According to the image reproducing device and the image reproducing method according to the second embodiment, when an album is being reproduced, it is possible to set rules for creating a relevant album based on the relationship between voice keywords included in words spoken by the user and album creating rules. Furthermore, according to the image reproducing device according to the second embodiment, it is possible to create a relevant album and present information pertinent to the relevant album. As a result, according to the image reproducing device according to the second embodiment, it is possible to provide images suited to the user's intentions.

Furthermore, according to the image reproducing device according to the second embodiment, extraction conditions pertinent to people are set in the voice keyword database 14D, and therefore it is possible to propose reproduction of images about a person that the user is interested in at the present time point.

  • Third Embodiment

In the following, a description is given of an image reproducing device and an image reproducing method according to a third embodiment of the present invention, with reference to accompanying drawings.

FIG. 25 illustrates a logical configuration of an image reproducing device 3 according to the third embodiment.
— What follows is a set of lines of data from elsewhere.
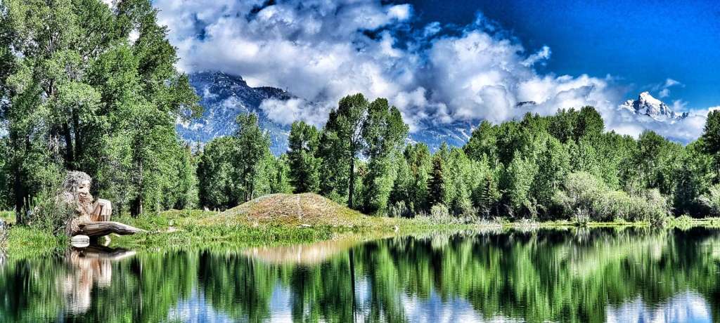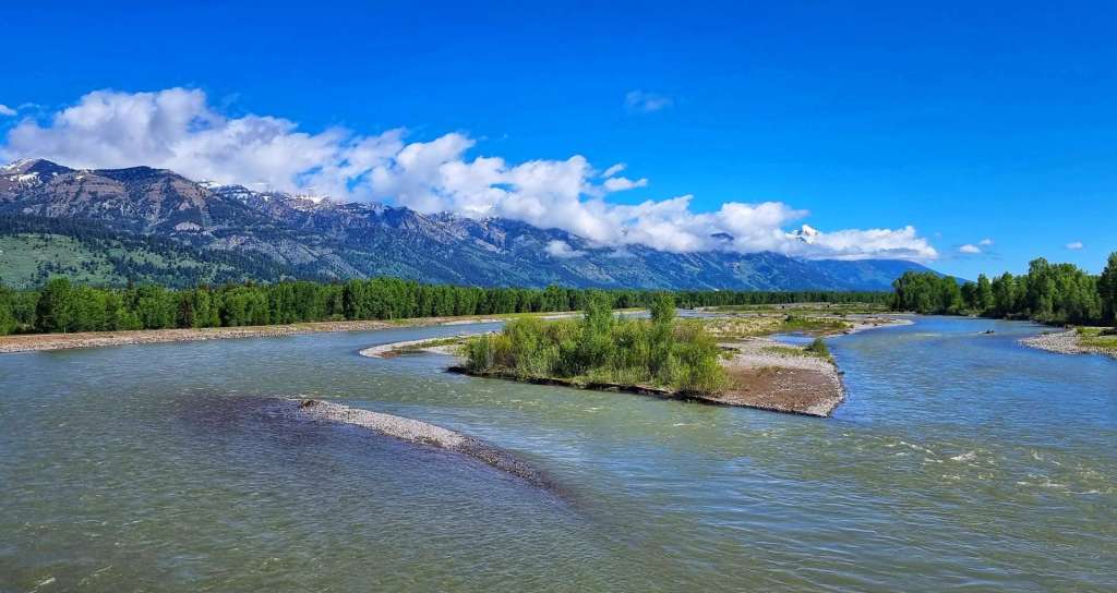Further up the valley is Jackson Lake – it’s a 400 foot deep natural lake, that was modified in 1916 by the Bureau of Reclamation when they added a 39 foot dam to the lake & rebuilt it in 1989. The lake is a remnant of glacial gouging from the Teton mountain range to the west & the Yellowstone basin to the north. It extends 15 miles up & 7 miles across the valley & is one of the largest high altitude lakes in the USA.
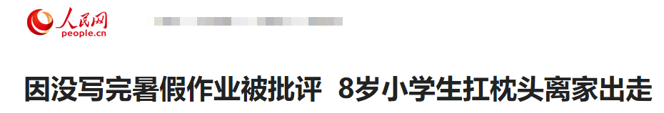 前段时间看到一则新闻:有个8岁小学生,因为没写完暑假作业,被父母批评后,拎着衣服和枕头离家出走。
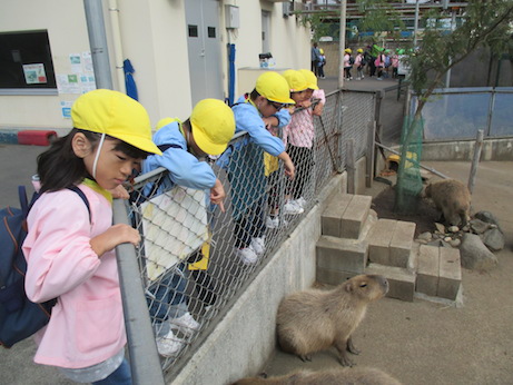 年少組は、お友達と仲良く手をつないで動物たちに会いに行きました!

The image reproducing device 3 includes an album creating unit A, a view status report unit B, a display image control unit C, an image display unit D, a voice receiving unit E, a voice keyword extracting unit F, and a view status determining unit G. For example, the first creating part A_1 according to the present embodiment corresponds to an “extracting unit”. For example, the second creating part A_2, the display image control unit C, and a voice receiving handler of the present embodiment correspond to the “presenting unit”. For example, an album according to the present embodiment corresponds to “first-condition-satisfying-image data”. For example, a relevant album according to the present embodiment corresponds to “second-condition-satisfying-image data”.

Among these logical configurations, the album creating unit A, the view status report unit B, the display image control unit C, the voice keyword extracting unit F, and the view status determining unit G are functional blocks that function as the CPU 10 executes programs stored in the HDD 14. The operations are not always implemented by programs clearly separated by these functional blocks. The operations may be called as subroutines and functions by other programs. Some of the functional blocks may be hardware units such as a LSI, an IC, and a FPGA.

The image display unit D corresponds to the graphic interface 20 and the television broadcasting device 100, and the voice receiving unit E is a function of the input interface 22.

The respective logical configurations in FIG. 25 perform processing with the use of the image database 14A, the album rule database 14B, the album information database 14C, the voice keyword database 14D, and an enthusiastic word database 14E stored in the HDD 14.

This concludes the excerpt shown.